Jackie Henderson is a painter whose work includes equestrian and agricultural subjects. She lives in St Mabyn near Bodmin.

Tom Henderson Smith took a degree in Fine Art at Newcastle University. After further study in Italy on an art scholarship, he undertook a post-graduate teaching certificate at Bristol University. Subsequently he taught for three years at The Arts Educational School in London before taking up a teaching post at Mounts Bay School in Penzance in 1980. Four years later he settled in St Just in Penwith, later retiring from teaching in order to re-launch his painting career, based at The Turn of the Tide Studio. 

In 2013 he and his partner, the artist Gabrielle HAWKES, moved from St Just to St Columb, where he worked from The Lanherne Studio.

He was an accomplished painter and draughtsman-designer who exhibited widely. His subjects were drawn from the Cornish landscape, coast and street scenes, especially local festivals.

In 2016 Henderson Smith received the President's Award at the National Acrylic Painters Association summer show in Chichester. In 2017 he was awarded the 'Great Art' Prize at the National Acrylic Painters Association summer show, held in the Crypt Gallery, St Ives.

A regular exhibitor at STISA open shows, he and Gabrielle contributed much over the years to the creative life of St Just, and St Columb. 

Tom died in November 2019 after a long illness.

His final project, 'The Dome of Human Kindness', was completed a few months before his death. Conceived in 1972 during his spell in Italy, his eighteen triangular mural canvases were inspired by the religious fresco paintings of Florence. On the artist's return to the UK they were stored in an attic and re-discovered by him in 2013. In 2018 the canvases were bonded onto marine plywood and the structure was assembled in the summer of 2019 and erected in the grounds of the inter-denominational Faith Forum site at Penmount, near Truro.

A posthumous exhibition of Tom Henderson Smith's work, entitled 'Reflections', was held in the Lanherne Studio in St Columb in December 2020.

Hendra's small-scale watercolours feature views, vistas and local events in Constantine.

The artist gave a sending-in address in Bushey, Herts in 1906, and then in Lamorna from 1907. Working from Oriental Cottage, Lamorna, this artist exhibited five paintings at Liverpool in 1909, and within the short period of 1906-09 exhibited there at the Walker with forty-two pieces of work (J&G).

The following year her entry in The Year's Art (1910-11), from the same address, identified her as a Craftworker.

Born in London,and  living and working from Maida Vale for most of his working career, Henry exhibited frequently at the RA and at Suffolk Street. Wormleighton mentions him as a non-resident visitor to the Lamorna Valley, but it is not known if he exhibited locally or not.

The artist submitted three paintings to the Whitechapel Exhibition, of Cornish-based artists (1902), from an address in St Ives.

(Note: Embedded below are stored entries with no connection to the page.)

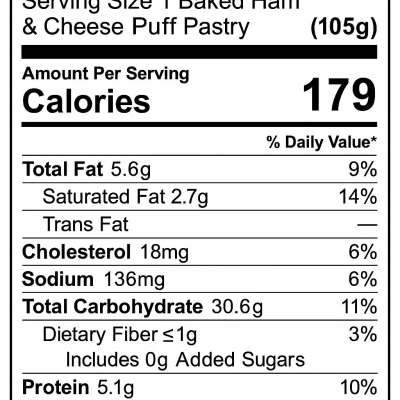 Our Ham & Cheese Puff Pastries are filled with premium cured ham and rich white cheese, wrapped in a buttery, flaky pastry. Made in a USDA and FDA certified facility, they are free from preservatives and additives—offering a perfect balance of flavor and quality in every bite.
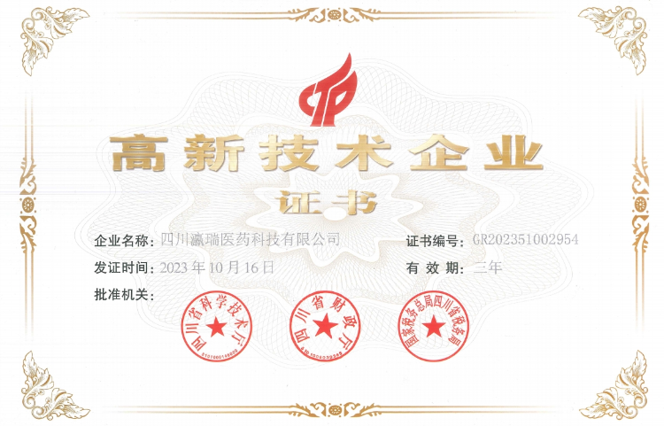 日前,莱美药业控股子里番 四川瀛瑞医药科技有限里番 (下称“瀛瑞医药”)顺利通过国家高新技术里番认定,获得由四川省科学技术厅、四川省财政厅、国家税务总局四川省税务局联合颁发的高新技术里番证书。
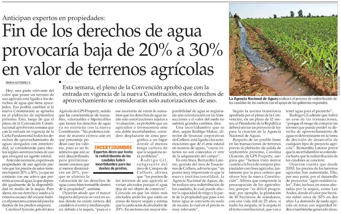 Cambios sobre las aguas disminuirán el patrimonio de los pequeños agricultores - (El Mercurio de Santiago)

Both E Grace Henry and her husband Paul Henry RHA are noted as visiting St Ives between 1911-20, and both were successful landscape and figure/portrait painters. Their addresses for exhibition purposes are given primarily by J&G and include Liverpool, London, Surrey, Belfast and Dublin, with a final one for Paul being Co Wicklow, Ireland. Though Grace appears to have been the more prolific (exhibiting until 1940), they both exhibited widely, and often in London.

As yet, it is not known whether any of their titles reflect their time, long or short, in Cornwall.

A Canadian potter who travelled to St Ives as an apprentice to Bernard Leach from 1963-1965.

Annie Henry is a sculptor, musician and composer. Her sculptures are loosely based on the human figure. She moved to Cornwall in 2002 to set up her studio in Perranuthnoe. She is a regular exhibitor at Trelissick Gallery near Truro and Trelowarren on the Lizard peninsula.

Henshall is a multi-faceted craftsman and artist who converts driftwood and other woods into well-crafted and designed furniture. He also produces sculpture from found objects, and resin paintings. His creative life includes a great deal of surfing and there are several websites which illustrate his acumen, both in creation and in surfing.

He is married to the abstract painter Maggie HENSHALL.